At block 435, the analysis system 110 may be configured to calculate a score for the subject. In some embodiments, the score is a z-score (although as described previously in connection with FIG. 3, other scores are contemplated in other embodiments). In particular, the analysis system 110 may be configured to calculate a reconstruction error for the subject and for each reference sample based on differences between each reconstructed read depth profile and a corresponding original read depth profile (obtained at block 420 for the subject and obtained at block 425 for each reference sample). The reconstruction error may be determined by calculating the mean squared error based on the original read depth profile and the reconstructed read depth profile. In particular, a difference between each data point in the original read depth profile and a corresponding data point in the reconstructed read depth profile for the subject may be calculated, squared and averaged and used to determine the reconstruction error for the subject. A z-score for the subject may then be calculated for the subject. The z-score may be calculated as a measure of the subject’s reconstruction error relative to the reconstruction errors generated for the one or more reference samples, and is calculated from the distribution of reconstruction errors generated at block 430 based on the read depth profiles for the structural variant region for the subj ect and the one or more reference samples.

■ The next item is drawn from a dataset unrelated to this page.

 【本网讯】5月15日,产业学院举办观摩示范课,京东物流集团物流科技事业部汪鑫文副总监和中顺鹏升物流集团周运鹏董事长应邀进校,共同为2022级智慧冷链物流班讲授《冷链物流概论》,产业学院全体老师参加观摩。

At block 440, the analysis system 110 may be configured to determine whether the score determined for the subject satisfies one or more score thresholds. In an instance in which the analysis system 110 determines that the score (e.g., z-score) for the subject satisfies one or more score thresholds, the analysis system 110 may report, call, or otherwise positively flag the structural variant. In some embodiments, the analysis system may compare the score determined for the subject to one or more score thresholds. For example, a score threshold may be, for example, about or at least about 1 .65, 1 .96, 2.0, 2.58 or 3.0. As another example, the analysis system 110 may determine whether the score (e.g., z-score) for the subject is ranked in a predetermined top percentile of scores (e.g., z-scores) calculated for a plurality of test samples and/or other reference samples. In an instance in which the score for the subject is ranked in a predetermined top percentile of scores, the analysis system may report the structural variant. As such, in an instance in which a score determined for a subject satisfies (e.g., exceeds) at least one of the score thresholds, the analysis system 110 may call, report, or flag the structural variant. Reporting the structural variant may be indicative that the candidate structural variant for the subject is determined to be real.

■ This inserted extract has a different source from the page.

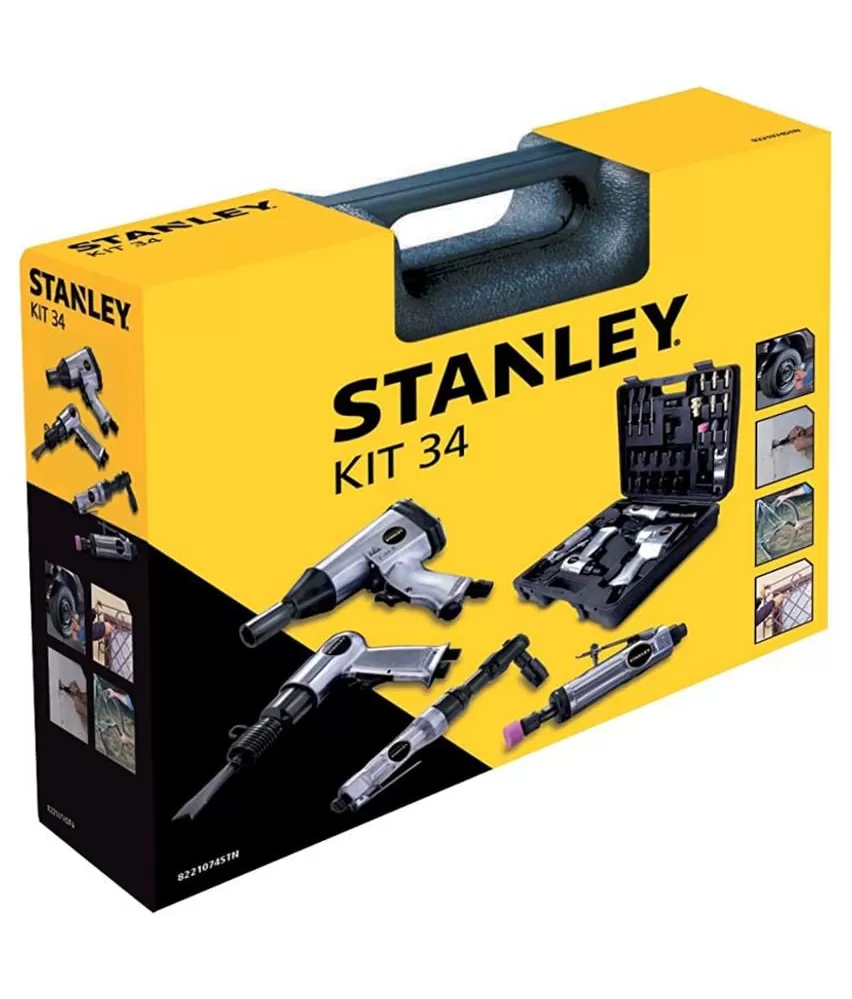 Sada pneu nářadí - 1/2" utahovák, ráčna, kladivo, přímá bruska Stanley 8221074STN

In some embodiments, once the structural variant is reported, called, or otherwise positively flagged, the analysis system 110 may output the original read depth profile and/or the reconstructed read depth profile of the subject to one or more users. In some embodiments, the analysis system 110 may also include an indication of the score (e.g., z- score) determined for the subject such that a user may consider this value in a review of the read depth profiles. In some embodiments, the analysis system 110 may also output one or more of the original read depth profiles and/or reconstructed profiles for one or more reference samples.

FIG. 5 is a flow diagram illustrating an example process 500 for identifying structural variants associated with a particular label, in accordance with one or more embodiments of the present disclosure. Process 500 may be performed by processing logic that may comprise hardware (e.g., circuitry, dedicated logic, programmable logic, a processor, a processing device, a central processing unit (CPU), a system-on-chip (SoC), etc ), software (e.g., instructions running/executing on a processing device), firmware (e.g., microcode), or a combination thereof. In some embodiments, the process 500 may be performed by one or more of a computing device, an analysis system (e.g., analysis system 110 illustrated in FIG. 1), a machine learning model (e.g., machine learning models 111 illustrated in FIG. 1), and/or an autoencoder (e.g., autoencoder 200 illustrated in FIG. 2).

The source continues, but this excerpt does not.